# the way the interveiw works. (question)



## whelton44 (24 Jul 2008)

Hey everyone quick question at the navy reserve unit i'm going to theres only 1 diver position open and i worked with one of the recruiters about it scince i was scuba quallified and such, but a friend of mine went in and he applied for it becasue its the only spot at the unit left now .

Question he has his interview tomorrow mines next thursday, do they wait till all the interviews are done and then decide who the best choice would be or what?

Sorry if this has been asked before i wasnt able to find any other posts.


----------



## Eye In The Sky (24 Jul 2008)

it is easier for people to understand and reply to your question if you use punctuation and if you use the spell check to that way they know where your sentence ends and starts can you try to restructure your sentence and paragraph some so its easier to read


----------



## Eye In The Sky (24 Jul 2008)

whelton44 said:
			
		

> Hey everyone.  I have a quick question about the navy reserve unit I'm going to.   There is only 1 diver position open and I worked (talked) with one of the recruiters about it since i was scuba qualified and such.  But a friend of mine went in and he applied for it because it is the only spot at the unit left.   Now my question is this; he has his interview tomorrow, and mine is next Thursday.  Do they wait until all the interviews are done and then decide who the best choice would be or what?
> 
> Sorry if this has been asked before I wasn't able to find any other posts.



 8)


----------



## Joe Something (9 Aug 2008)

I have a question (or two) regarding the interview process.  Do I have to wear a suit and tie, is it absolutely neccessary?  Another one regarding the 'Preparing for your Interview' sheet they supply to you.  Will they ask you these exact questions or is it just a general guideline to help prepare for things they may ask you? i find these questions to be silly and unanswerable take for example the first question..."Write a description of the occupation that you are interested in, including some of the duties and where you may be employed."
My thoughts/answer to this; Naturally, having never had said occupation it would be impossible for me to say what exactly i would be doing or where i may be employed.  I mean, im not an idiot certainly i can imagine possibilities but come on I cant read minds nor the future (100% accurately) and therefore i cannot answer such a direct question with a direct answer.  Get my drift? and so when it asks "How will you manage the more difficult aspects of this occupation?" i can only think..'Easily, without absolute power.'..Honestly, i can only answer these questions with more questions and borderline smartass remarks, don't get me wrong, I'm intelligent and dedicated to obtaining my desired carreer path in the army but, yeah can i really expect them to ask these questions during the interview? if so the interviewer might believe im an alien sent here to undermine and annoy.. which probably isnt a good thing.  Anyways I'd just like to know and not too vaguely what to expect as far as the sort of questions i'll probably be asked and the amount of time the interview may take. (also, excuse my poor grammar)


----------



## Snafu-Bar (9 Aug 2008)

Treat it like the last job interview you wish to ever have to sit though.
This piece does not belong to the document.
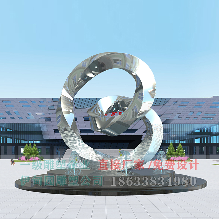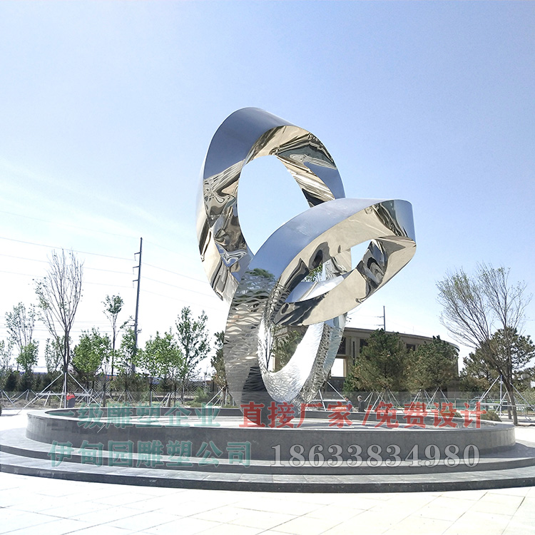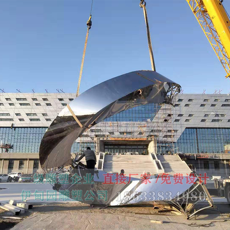 水紋鏡面不銹鋼雕塑,11米,寬9米,安裝于吉林省某學(xué)校。雕塑從設計→訂制小樣→主體制作→物流運輸→現場(chǎng)安裝→細節處理,共歷時(shí)3個(gè)月。不銹鋼雕塑主骨架采用219*6mm鍍鋅鋼管制作,防腐性能好、牢固穩定!所有承重骨架采用雙面滿(mǎn)焊,整體骨架完成后用防銹漆滿(mǎn)涂三遍。雕塑外輪廓為抽象e造型,外部裝飾板采用304#鋼板,緊貼著(zhù)骨架外形進(jìn)行拼裝,焊接。

 Dress for success, and be your self. Ask questions about the things your not sure about and go with the flow.




Cheers.


----------



## Joe Something (9 Aug 2008)

To me, "dress for succes" includes mild ninja gear, lots of pockets.  Thanks for the insight! (sarcasm rocks.)


----------



## George Wallace (9 Aug 2008)

Joe Something said:
			
		

> To me, "dress for succes" includes mild ninja gear, lots of pockets.  Thanks for the insight! (sarcasm rocks.)



Attitude.   :

Sarcasm does rock.  Hope it doesn't hit you on the way out.  Your attitude doesn't seem quite right to let you in.  Something that they will determine during the interview.   ;D


----------



## danchapps (9 Aug 2008)

I think what they are looking for is for you to have some knowledge of the trade before you head into the interview. That's not to say they want you to be an expert, but a little research into the job helps. When I went in for my interview last year the PO thought I knew more about the MSE Op trade than Supply Tech, so he switched them on the application. I still wound up in Supply, but you see where I'm going right? As for dress, it is summer, so I'd wear some nice shoes (preferably not runners), clean pants (no holes, preferably not denim) and a golf shirt/collared shirt. Those of course are only suggestions, but the better you look, the better they think of you I believe.


----------



## lennoj (9 Aug 2008)

Joe Something said:
			
		

> I have a question (or two) regarding the interview process.  Do I have to wear a suit and tie, is it absolutely neccessary?  Another one regarding the 'Preparing for your Interview' sheet they supply to you.  Will they ask you these exact questions or is it just a general guideline to help prepare for things they may ask you? i find these questions to be silly and unanswerable take for example the first question..."Write a description of the occupation that you are interested in, including some of the duties and where you may be employed."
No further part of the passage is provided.